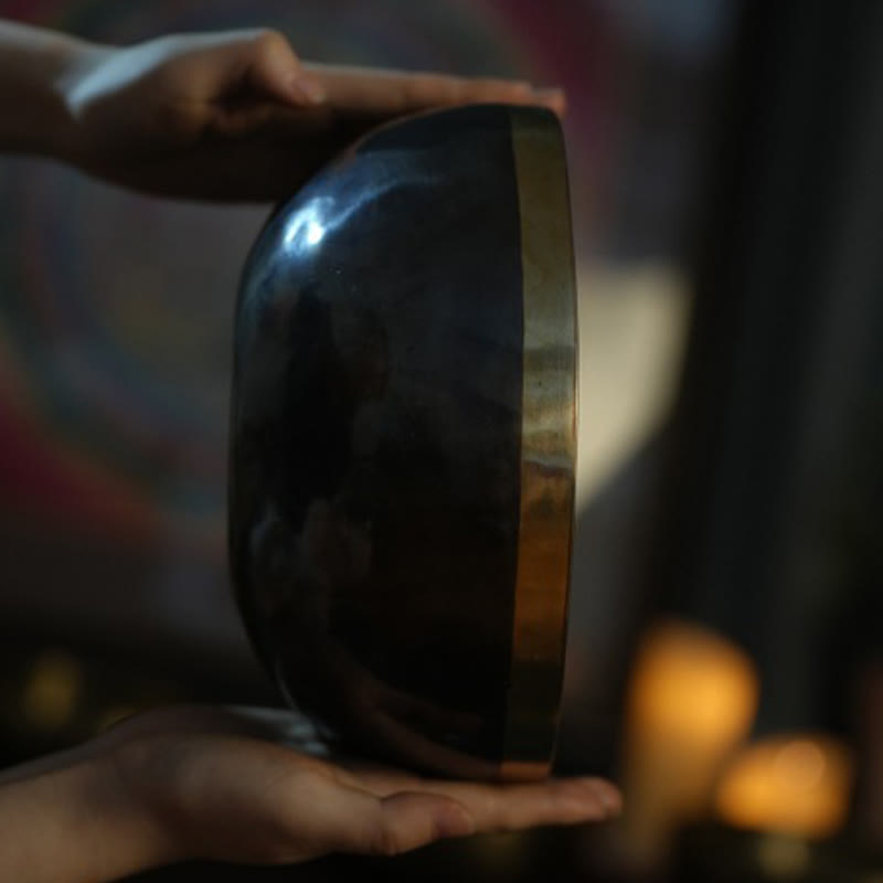 - Knock the bowl with our wooden striker on the bowl's rim or body
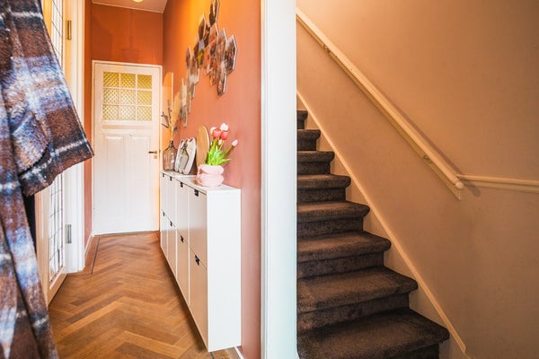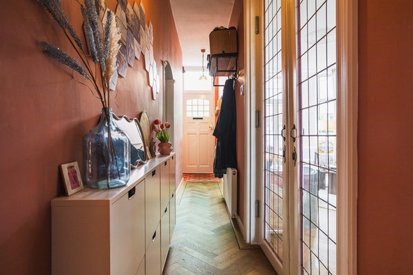 Via de voortuin bereik je de entree. In de hal bevinden zich het ruime toilet, de trap naar de eerste verdieping en de trap naar het souterrain.
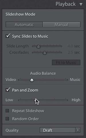 To add movement to your slide show, go to the Playback panel (in the right side Panels area) and turn on the Pan and Zoom checkbox. Right below that, you’ll find a slider that goes from Low to High (Low means a little movement and High means a lot, so use that slider to choose how much movement you want). Once your slide show starts, Lightroom will move the images from left to right (and right to left), and at the same time, it will zoom in on the images. The two together work pretty well to create movement and the default dissolve effect that happens between slides helps add to the overall effect.
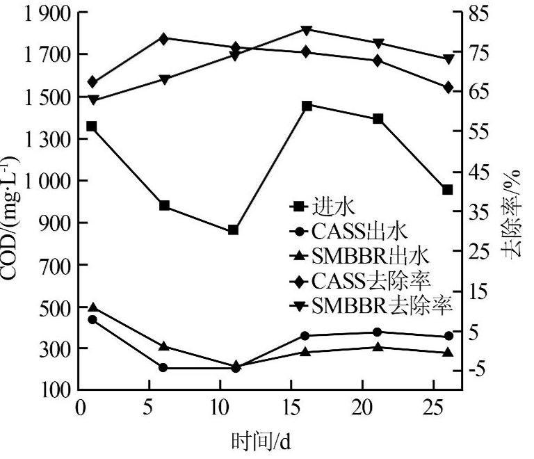 CASS工藝和SMBBR工藝對COD的去除效果對比見圖2。

- [WORK REQUEST] An exact copy of all the data above is required; omit any pictures.

- [WRITTEN RESPONSE]
 - Knock the bowl with our wooden striker on the bowl's rim or body
 Via de voortuin bereik je de entree. In de hal bevinden zich het ruime toilet, de trap naar de eerste verdieping en de trap naar het souterrain.
 To add movement to your slide show, go to the Playback panel (in the right side Panels area) and turn on the Pan and Zoom checkbox. Right below that, you’ll find a slider that goes from Low to High (Low means a little movement and High means a lot, so use that slider to choose how much movement you want). Once your slide show starts, Lightroom will move the images from left to right (and right to left), and at the same time, it will zoom in on the images. The two together work pretty well to create movement and the default dissolve effect that happens between slides helps add to the overall effect.
 CASS工藝和SMBBR工藝對COD的去除效果對比見圖2。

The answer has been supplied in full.